Покровский ничего не ответил, просто взял Настю за шиворот, поднял с пола и бесцеремонно усадил на то самое место, откуда пару минут назад
мистические силы потащили Настю к двери. Сам Покровский сел в углу, по левую руку от Горгоны, ожидая дальнейших указаний. Был он бледен и
как будто немного не в себе. Или даже очень много не в себе.

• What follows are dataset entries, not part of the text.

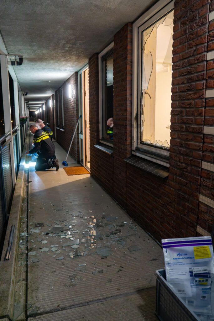 De politie gaat uit van opzet. Volgens een woordvoerder gaat het mogelijk om een explosief of zwaar vuurwerk, dat vanaf de galerij bij het raam is afgegaan. Ook de brandweer werd ingeschakeld, om in de woning te meten of er geen sprake was van een verhoogde concentratie aan gevaarlijke stoffen of rook. Dit bleek niet zo te zijn. Een explosievenexpert van de politie heeft samen met de Forensische Opsporingsdienst onderzoek gedaan. Het is nog niet bekend welk exposief precies is gebruikt. Foto’s Rens Hulman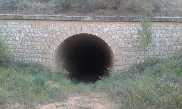 15. Túnel. Túnel 16 anterior al barranco del Moro (latitud 39°25'26.30"N; longitud 1°29'0.53"O). Estado perfecto. 302 metros de longitud. Asfaltado. Circulable. En curva. Desaguaderos en los márgenes en perfecto estado. Bien cuidado. De hormigón armado que en boquera y paramento posee llagueado que imita sillería y dovelaje.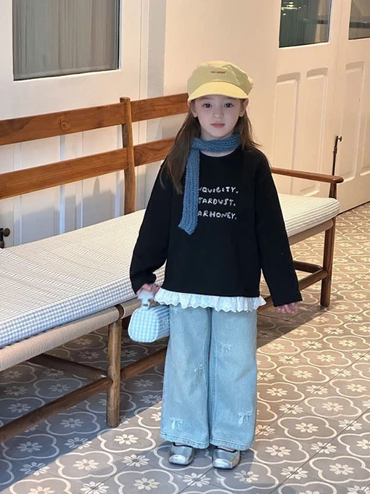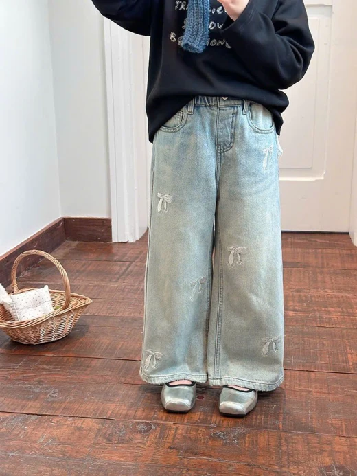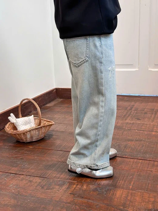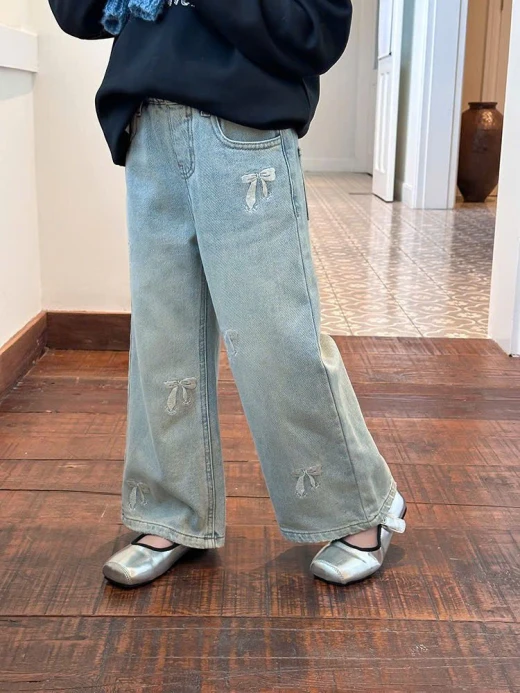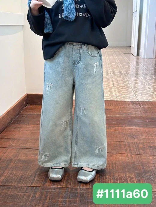 #1111a60 QUẦN JEANS SUÔNG THÊU NƠ AMBB ✔Size : 90-170 🌸 giá sz 90-150 giá 217k sz 160 giá 238k sz 170 giá 258k 🐬 chốt 11/11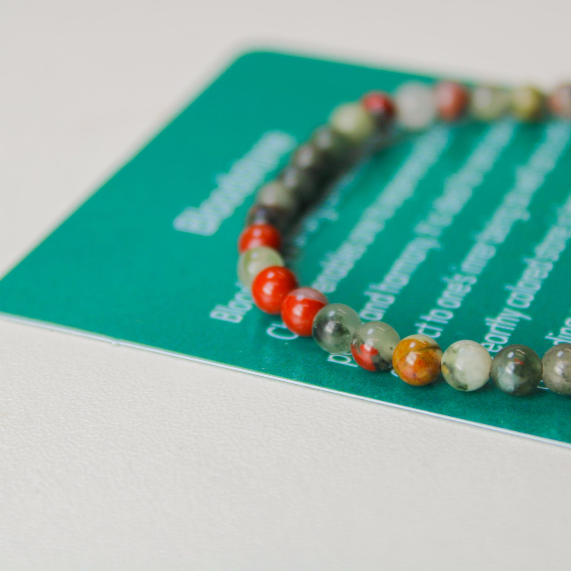 Bloodstone Bracelet – 4mm Natural Crystals + 14K Gold-Filled Bead (Hypoallergenic)

– Потом, – сказала Горгона.
– Что – потом? – не поняла Настя.
– Потом ты увидишь нашего пленника. Когда ты пройдешь обряд перехода, станешь одной из нас, станешь сестрой, вот тогда…
– Но я не могу ждать! Я чувствую, что…
– Тебе не нужно беспокоиться о таких пустяках. Пленник, даже если он королевский сын, всего лишь человек, всего лишь… – Горгона свела
брови, припоминая нужное слово, – приношение.
– Приношение? Это как?
– Ты узнаешь, когда пройдешь обряд.
Почему-то это обещание Настю не успокоило, но притворно разыгрывать одержимость и с боем прорываться во двор было занятием безнадежным, так
что Настя взяла тайм-аут; тем более что Покровский принес ей что-то вроде завтрака, который состоял из металлической кружки с водой и
плошки с лесными ягодами.
– Человеческой еды мы не держим, – сказала Горгона. – А наша тебе вряд ли понравится. Пока.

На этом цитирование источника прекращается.